TASK DETAILS: Only a slice of the listing below is wanted. Retype the lines from the one containing "- GET SET WITH" through the one containing "43分钟布林德中场左侧长传,范佩西反越位", exactly, both ends included.

RECORDED INFORMATION:
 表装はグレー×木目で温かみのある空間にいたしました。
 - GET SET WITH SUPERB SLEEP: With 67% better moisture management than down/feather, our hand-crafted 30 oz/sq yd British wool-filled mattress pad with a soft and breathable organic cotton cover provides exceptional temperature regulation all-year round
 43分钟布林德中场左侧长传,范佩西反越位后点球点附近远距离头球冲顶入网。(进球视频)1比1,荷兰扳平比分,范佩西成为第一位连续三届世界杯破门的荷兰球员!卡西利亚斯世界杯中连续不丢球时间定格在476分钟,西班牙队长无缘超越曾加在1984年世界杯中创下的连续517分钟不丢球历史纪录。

* * *

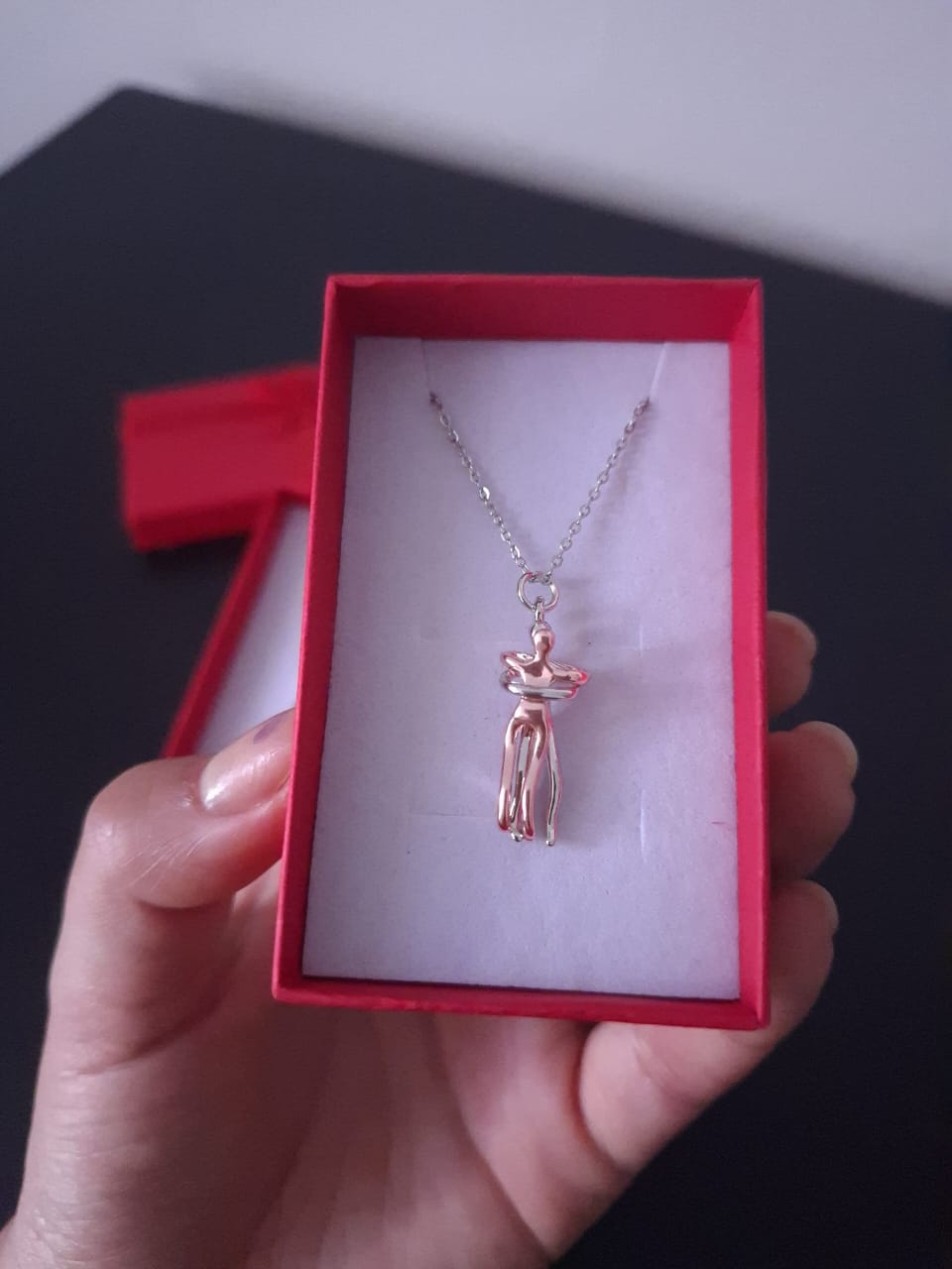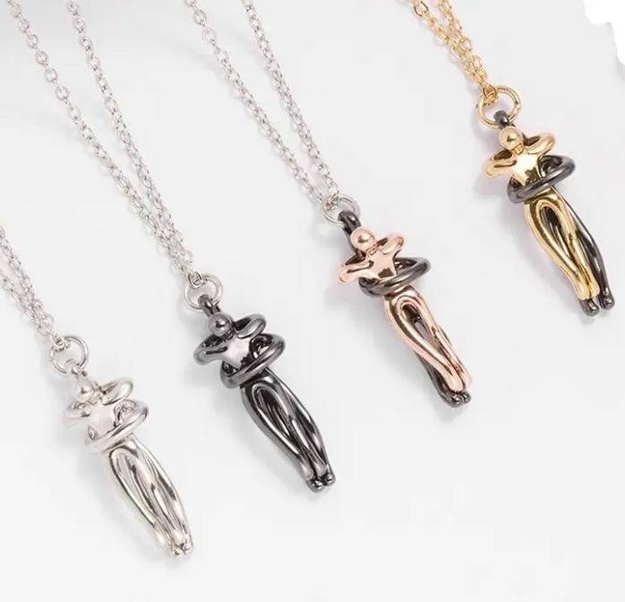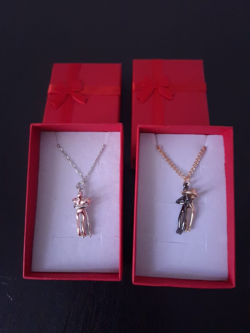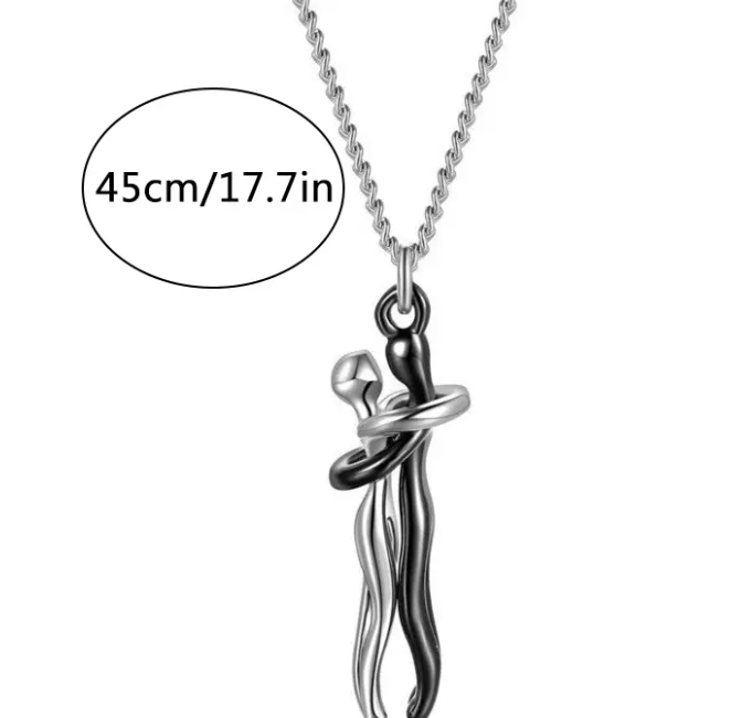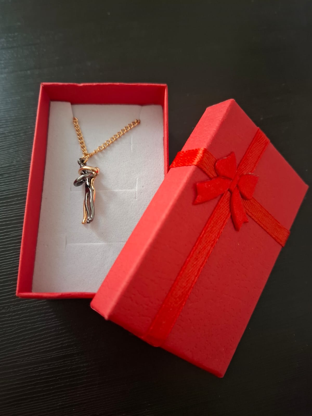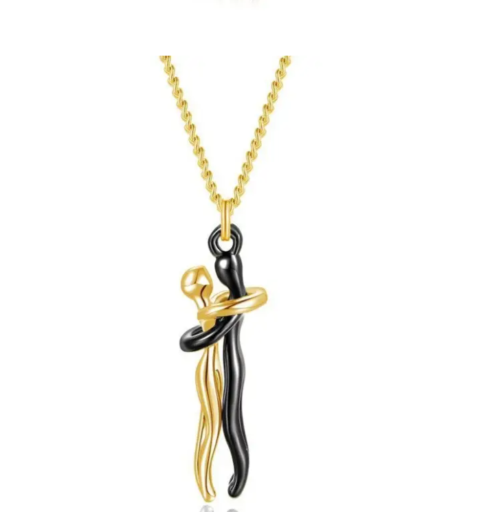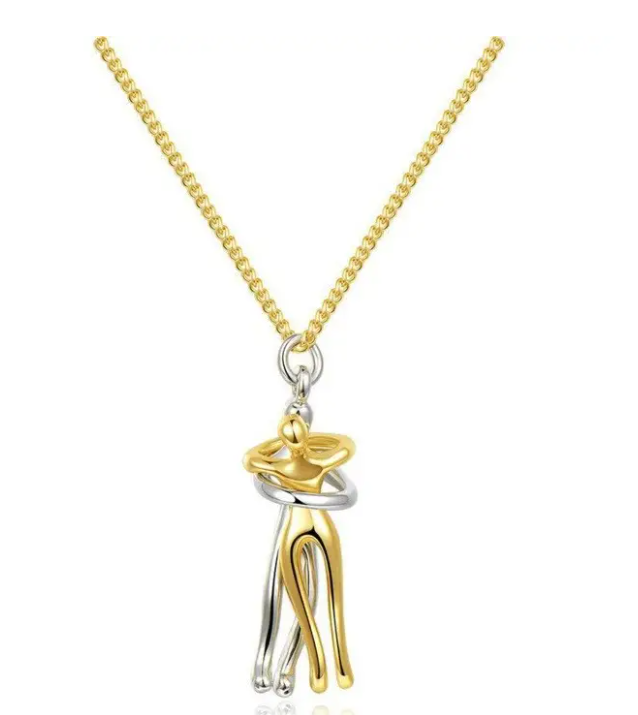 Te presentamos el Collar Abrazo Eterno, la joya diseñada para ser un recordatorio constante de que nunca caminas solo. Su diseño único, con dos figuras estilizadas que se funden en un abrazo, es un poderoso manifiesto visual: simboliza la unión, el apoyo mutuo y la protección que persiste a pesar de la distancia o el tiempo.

EXERCISE ANSWER:
 - GET SET WITH SUPERB SLEEP: With 67% better moisture management than down/feather, our hand-crafted 30 oz/sq yd British wool-filled mattress pad with a soft and breathable organic cotton cover provides exceptional temperature regulation all-year round
 43分钟布林德中场左侧长传,范佩西反越位后点球点附近远距离头球冲顶入网。(进球视频)1比1,荷兰扳平比分,范佩西成为第一位连续三届世界杯破门的荷兰球员!卡西利亚斯世界杯中连续不丢球时间定格在476分钟,西班牙队长无缘超越曾加在1984年世界杯中创下的连续517分钟不丢球历史纪录。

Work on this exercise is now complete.